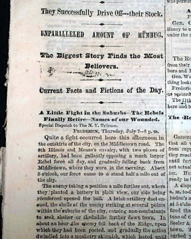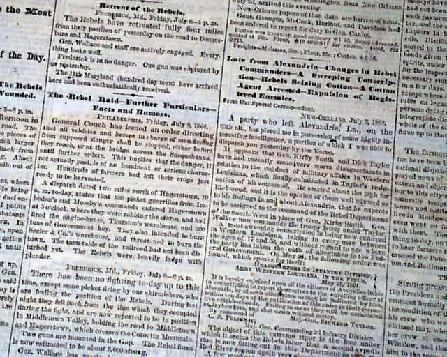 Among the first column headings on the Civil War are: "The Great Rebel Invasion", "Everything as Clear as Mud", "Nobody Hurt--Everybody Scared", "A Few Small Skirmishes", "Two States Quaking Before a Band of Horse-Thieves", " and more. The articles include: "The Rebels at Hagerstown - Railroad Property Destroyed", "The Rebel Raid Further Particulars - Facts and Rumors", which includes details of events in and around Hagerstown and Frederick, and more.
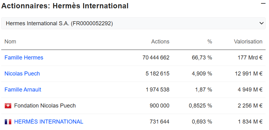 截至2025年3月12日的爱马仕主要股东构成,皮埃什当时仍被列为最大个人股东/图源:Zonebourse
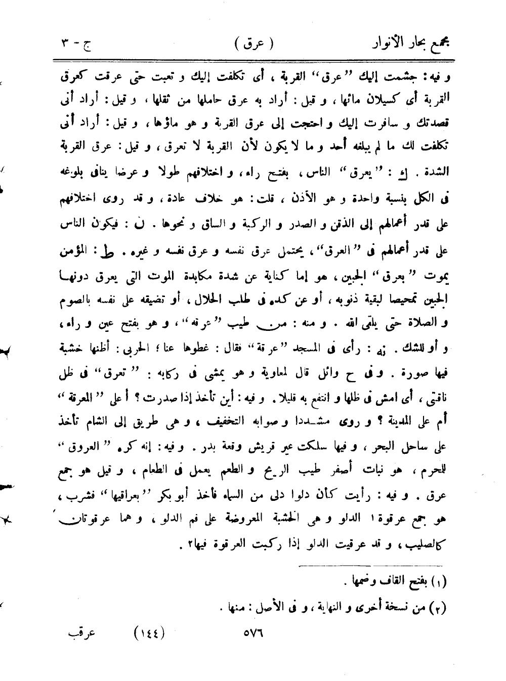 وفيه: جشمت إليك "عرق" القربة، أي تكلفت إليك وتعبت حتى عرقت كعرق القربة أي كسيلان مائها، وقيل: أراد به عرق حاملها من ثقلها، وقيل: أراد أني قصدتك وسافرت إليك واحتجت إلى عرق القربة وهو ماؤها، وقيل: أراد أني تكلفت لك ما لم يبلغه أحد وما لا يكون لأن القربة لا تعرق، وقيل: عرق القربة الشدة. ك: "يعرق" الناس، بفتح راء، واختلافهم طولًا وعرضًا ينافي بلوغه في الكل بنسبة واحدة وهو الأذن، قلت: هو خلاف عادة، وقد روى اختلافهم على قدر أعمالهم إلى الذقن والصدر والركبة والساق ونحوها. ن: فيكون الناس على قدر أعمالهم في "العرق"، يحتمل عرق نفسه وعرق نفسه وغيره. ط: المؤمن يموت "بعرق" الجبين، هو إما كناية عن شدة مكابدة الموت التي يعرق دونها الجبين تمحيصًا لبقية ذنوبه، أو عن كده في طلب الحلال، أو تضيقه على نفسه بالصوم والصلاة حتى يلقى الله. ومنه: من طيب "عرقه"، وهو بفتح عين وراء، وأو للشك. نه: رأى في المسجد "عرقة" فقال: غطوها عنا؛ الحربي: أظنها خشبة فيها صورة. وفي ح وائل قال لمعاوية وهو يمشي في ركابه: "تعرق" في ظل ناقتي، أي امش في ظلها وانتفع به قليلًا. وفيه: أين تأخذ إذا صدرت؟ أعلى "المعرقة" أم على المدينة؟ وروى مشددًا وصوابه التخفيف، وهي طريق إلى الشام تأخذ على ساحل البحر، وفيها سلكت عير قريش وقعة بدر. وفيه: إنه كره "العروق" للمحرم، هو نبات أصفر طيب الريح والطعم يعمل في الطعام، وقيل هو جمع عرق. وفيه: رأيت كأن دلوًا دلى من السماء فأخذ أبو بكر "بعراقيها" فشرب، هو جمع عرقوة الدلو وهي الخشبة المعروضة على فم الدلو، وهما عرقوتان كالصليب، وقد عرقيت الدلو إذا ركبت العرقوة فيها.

━━━━━━━━━━━━━━━━━━━━

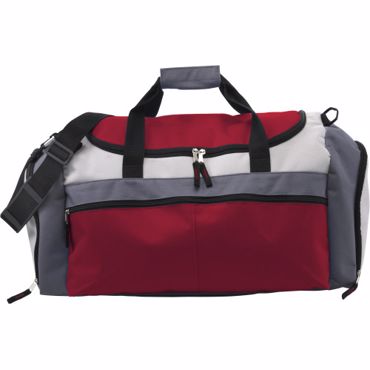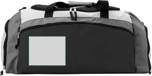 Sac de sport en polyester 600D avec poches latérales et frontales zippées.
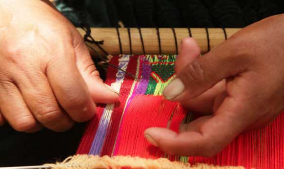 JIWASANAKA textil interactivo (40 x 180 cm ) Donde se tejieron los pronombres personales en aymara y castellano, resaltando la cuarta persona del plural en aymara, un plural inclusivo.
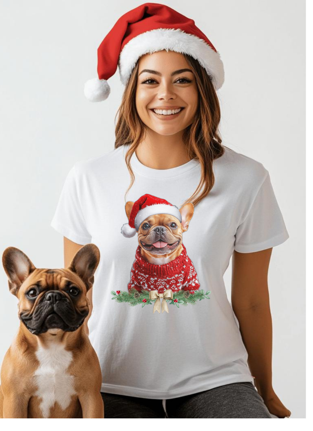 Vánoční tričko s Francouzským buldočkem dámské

━━━━━━━━━━━━━━━━━━━━

### Work item
Take only the lines above from the one that has "JIWASANAKA textil interactivo" through the one that has "Vánoční tričko s" and reproduce them exactly, omitting any pictures.

### Result of the task
 JIWASANAKA textil interactivo (40 x 180 cm ) Donde se tejieron los pronombres personales en aymara y castellano, resaltando la cuarta persona del plural en aymara, un plural inclusivo.
 Vánoční tričko s Francouzským buldočkem dámské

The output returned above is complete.